Variations of Weyl Type Theorems for Upper Triangular Operator Matrices

Abstract

Let \(\mathcal X\) be a Banach space and let T be a bounded linear operator on \(\mathcal {X}\). We denote by S(T) the set of all complex \(\lambda \in \mathcal {C}\) such that T does not have the single-valued extension property.
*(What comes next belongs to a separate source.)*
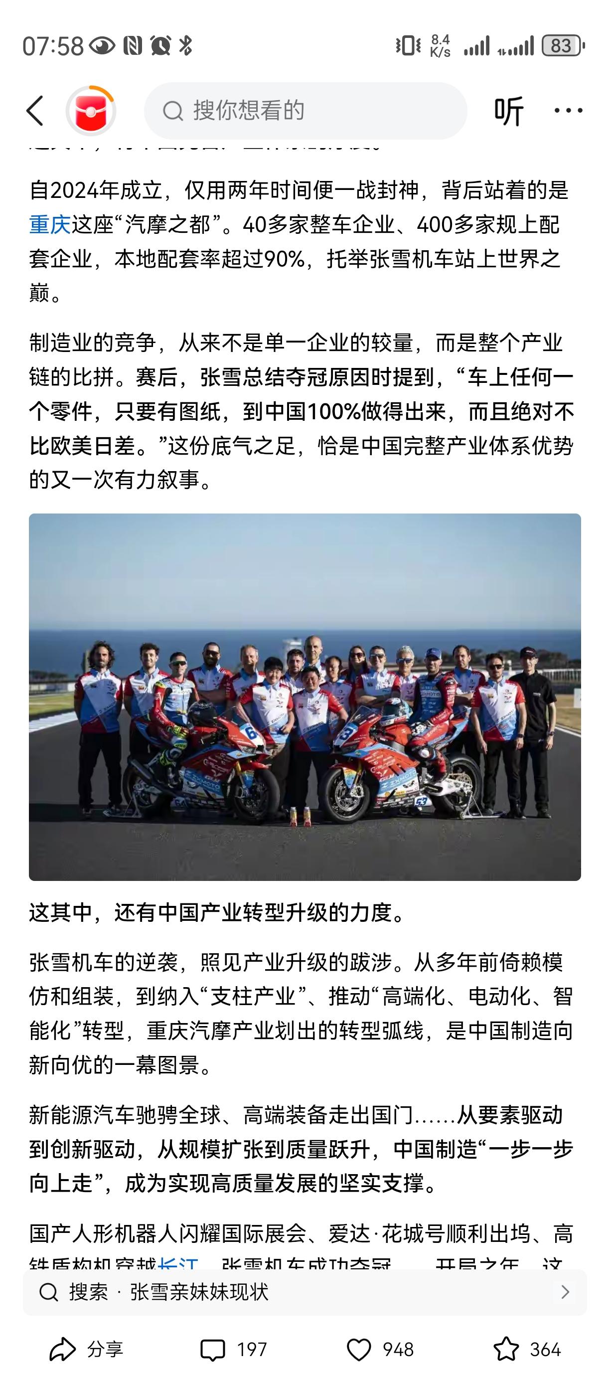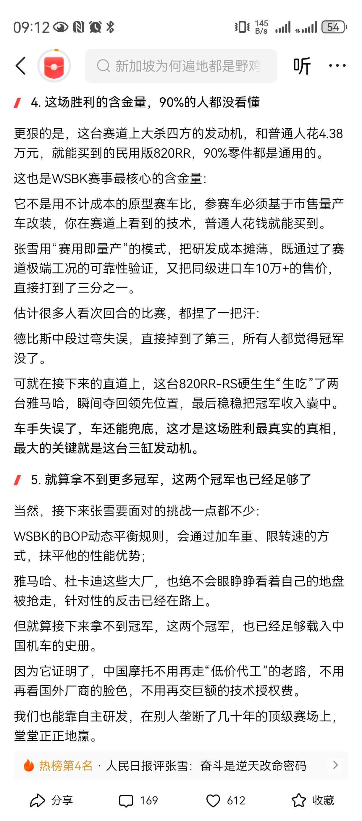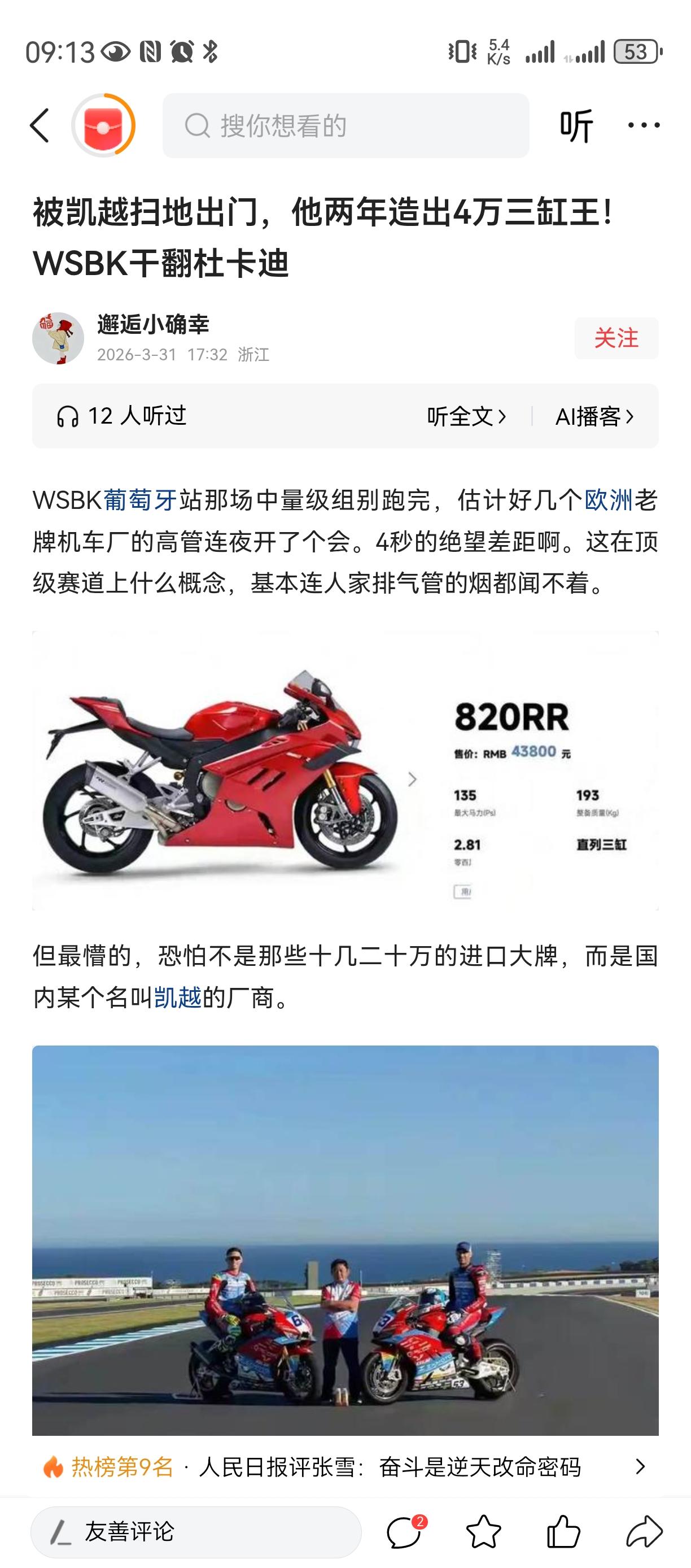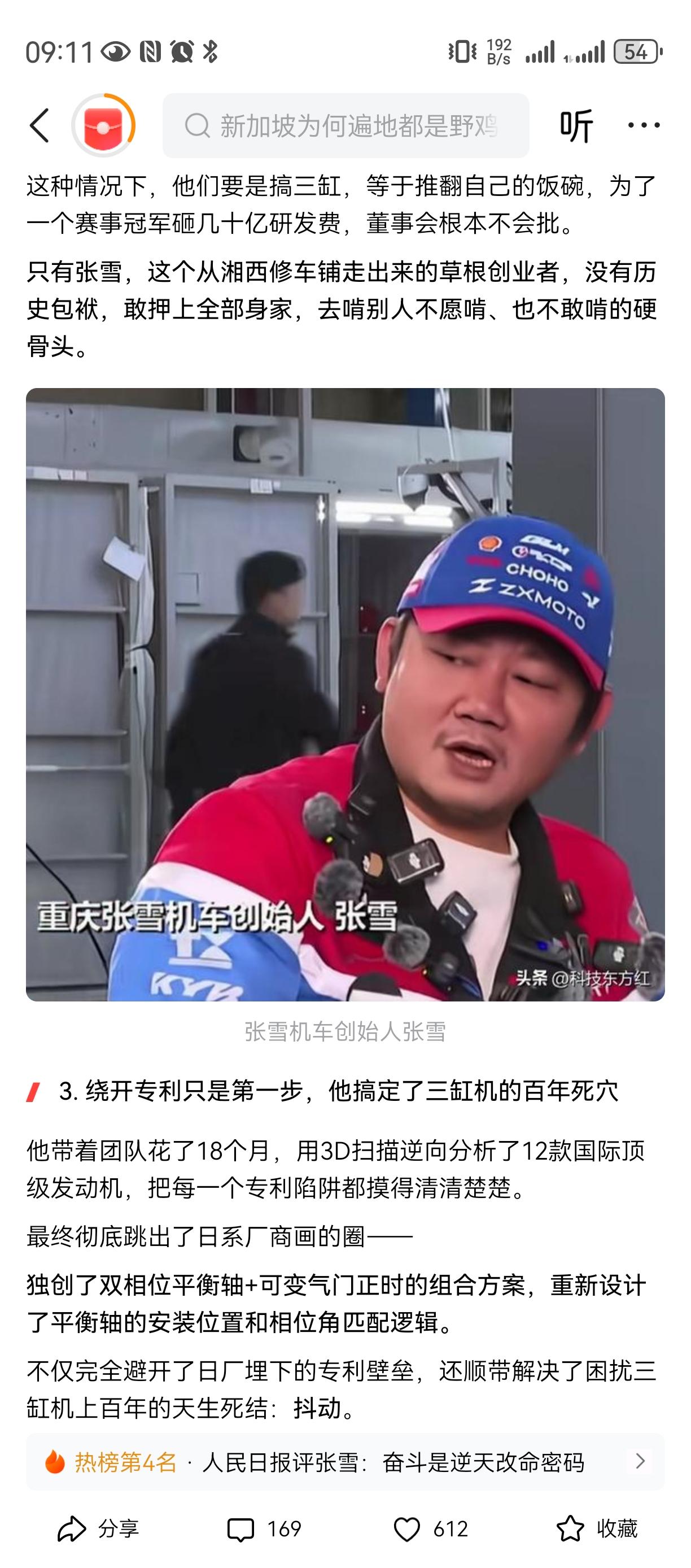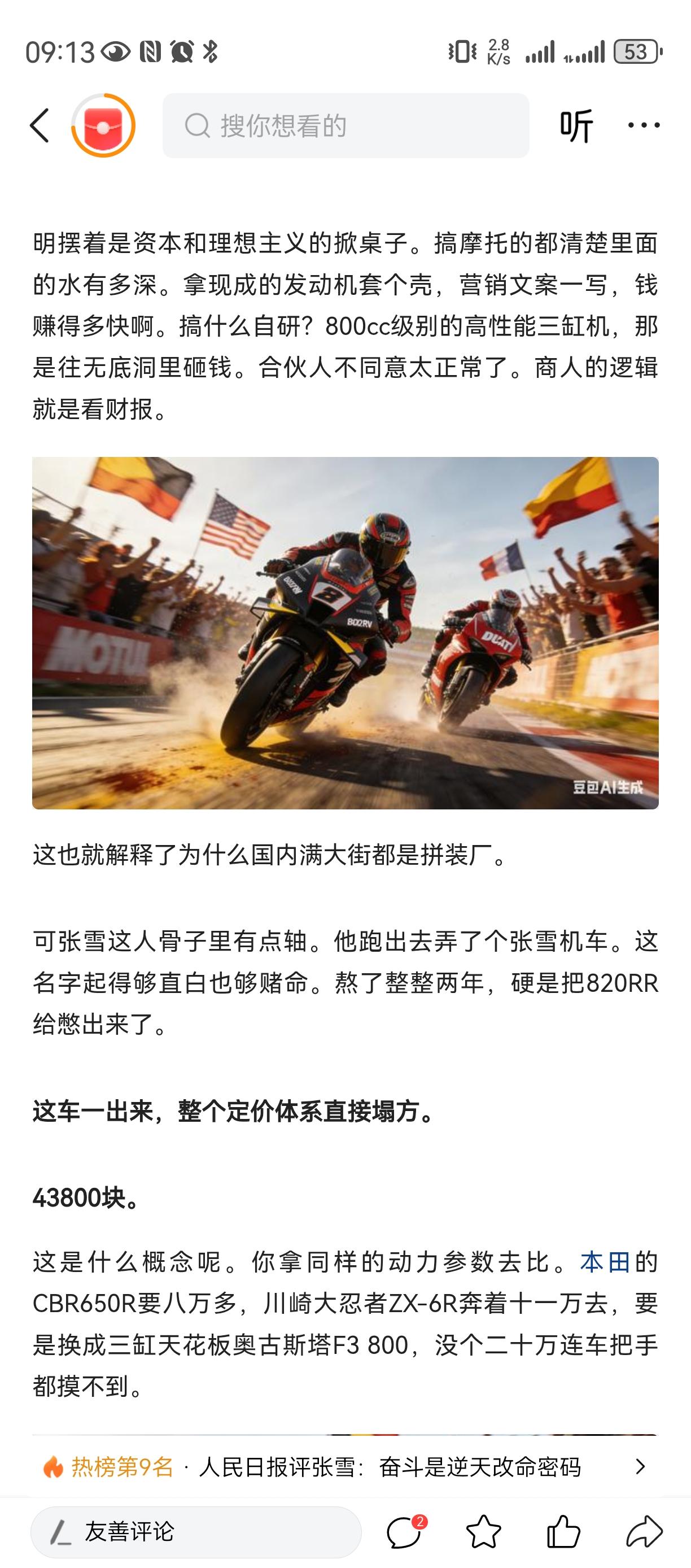 兴趣是最好的老师[赞][赞][赞]张雪表演 初中生张雪, 典型农村的穷小子, 又穷又哭还没文凭, 但就是凭借一个兴趣, 外加一个坚持不懈的恒心与闯劲, 把欧日垄断了几十年的摩托车优势扭转, 体现了了中国制造, 有血有肉不虚头巴脑 点赞点赞[赞][赞][赞] 人民日报都表扬了[啤酒][啤酒][啤酒]

In this paper it is shown that if M_C is a 2 × 2 upper triangular operator matrix acting on the Banach space \(\mathcal {X} \oplus \mathcal {Y}\), then the passage from σ_LD(A) ∪ σ_LD(B) to σ_LD(M_C) is accomplished by removing certain open subsets of σ_d(A) ∩ σ_LD(B) from the former, that is, there is the equality σ_LD(A) ∪ σ_LD(B) = σ_LD(M_C) ∪ℵ, where ℵ is the union of certain of the holes in σ_LD(M_C) which happen to be subsets of σ_d(A) ∩ σ_LD(B). Generalized Weyl’s theorem and generalized Browder’s theorem are liable to fail for 2 × 2 operator matrices. In this paper, we also explore how generalized Weyl’ theorem, generalized Browder’s theorem, generalized a-Weyl’s theorem and generalized a-Browder’s theorem survive for 2 × 2 upper triangular operator matrices on the Banach space.